The second most important project I can’t live without is Nextcloud. My partner and I rely on it as a file synchronisation server, essentially serving as a remote storage drive for all our documents, photos, and videos, ensuring convenient access on the go. Additionally, given the backup procedure I follow, it provides a secure place for preserving important files.
A Jellyfin instance is also available in the homelab for managing and streaming media. It supports transcoding with hardware acceleration (and I’m using the integrated Intel GPU) so it allows you to watch your favourite media in almost every device.
To make it user-friendly for my non tech-savvy partner, I use WikiJS. Within it, I’ve created articles that guide her in using the homelab’s services effectively. This ensures she can navigate and utilise our homelab autonomously, even when I’m not available to assist.
Additionally, I help flightradar24 increase it’s coverage in my area by self-hosting a ADS-B receiver, sharing the gathered data with them. This runs in a virtual machine using a RTL2832 tuner for data acquisition.
Previously, I hosted my git repositories locally using Gitea. Concerned about accessibility in disaster recovery scenarios, where my local repositories would be inaccessible (as they might be affected by the disaster), I decided to migrate them to Github. Lately, though I’m fond of the idea of experimenting with Gitlab and all the built-in DevOps features they offer.
Finally, all these services are presented in a very nice and friendly dashboard with https://github.com/bastienwirtz/homer
My plans for the future
And of course, apart from the currently running applications and services, I have a bucket of things I want to deploy and try on my setup.
I think it would be a nice to have a remote VS Code server to act as my development machine. This way, I would have only one place to setup and configure, accessible from everywhere I am. It could also act as an Ansible and Terraform master, where every playbook and state changes would be initiated from there.
I also want to completely Terraform my homelab, starting from my routers, my switches and continuing to Proxmox and the cloud providers I’m using. For example, I found a Terraform provider for RouterOS and made some experiments.

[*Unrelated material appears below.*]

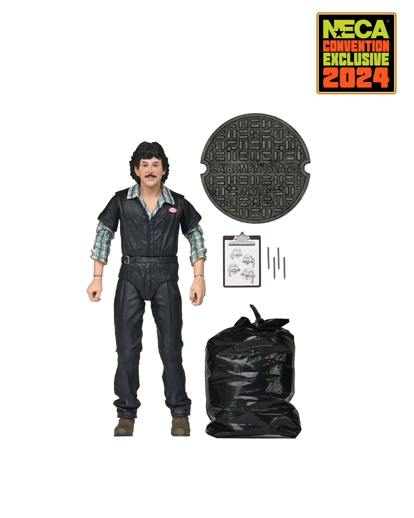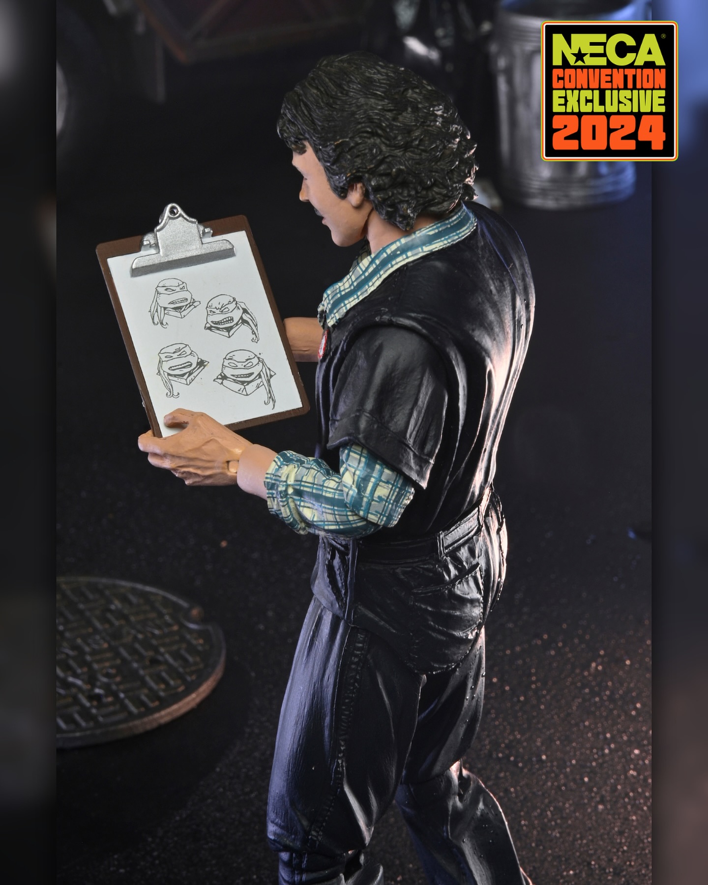 La figurine sera une exclusivité du necastore et sera disponible sur le site du 25 au 27 septembre prochain. La figurine reprend les traits du cocréateur des Tortues Ninja lorsqu’il se trouvait sur le plateau de tournage du film. La figurine sera accompagnée d’un sac poubelle, de quatre crayons, une planche de dessin avec les quatre tortues esquissées et d’une plaque d’égout venue de « Lairdman Island ». À première vue, aucun élément ne semble repris d’une ancienne figurine TMNT.

But it needs a more serious time investment from my side if I want to cover my whole homelab.
It is also necessary to have my git repositories backed up, because currently I’m relying on the local copies I have in a couple of workstations and on Github. Gickup sounds like a tool that does what I need and it will add my repositories to my backup procedure.
I also lack a VPN server that runs inside my home network, giving me direct access to it. Instead, I’m relying on the router I have in Linode, which works great, but adds unnecessary latency. I am considering utilising plain Wireguard or use a service like Tailscale
Finally, I want to further secure and audit access to all of my instances. I didn’t think of it until I stumbled upon this awesome service called Teleport which does exactly that. It provides a centralised point to access Linux and Windows machines and also Kubernetes clusters. Every action is logged and can be uploaded to S3-compatible storage. I’m considering fully hosting it on my Raspberry Pi cluster that currently sits idle.
In conclusion, my homelab is the place where I experiment with new applications and technologies. I also have services that I rely on and I try as much as possible to keep them separated from my experiments, as their availability is crucial for my quality of life. So, like many other homelabs, mine is a perpetual work in progress, constantly evolving and adapting to new experiments and technologies.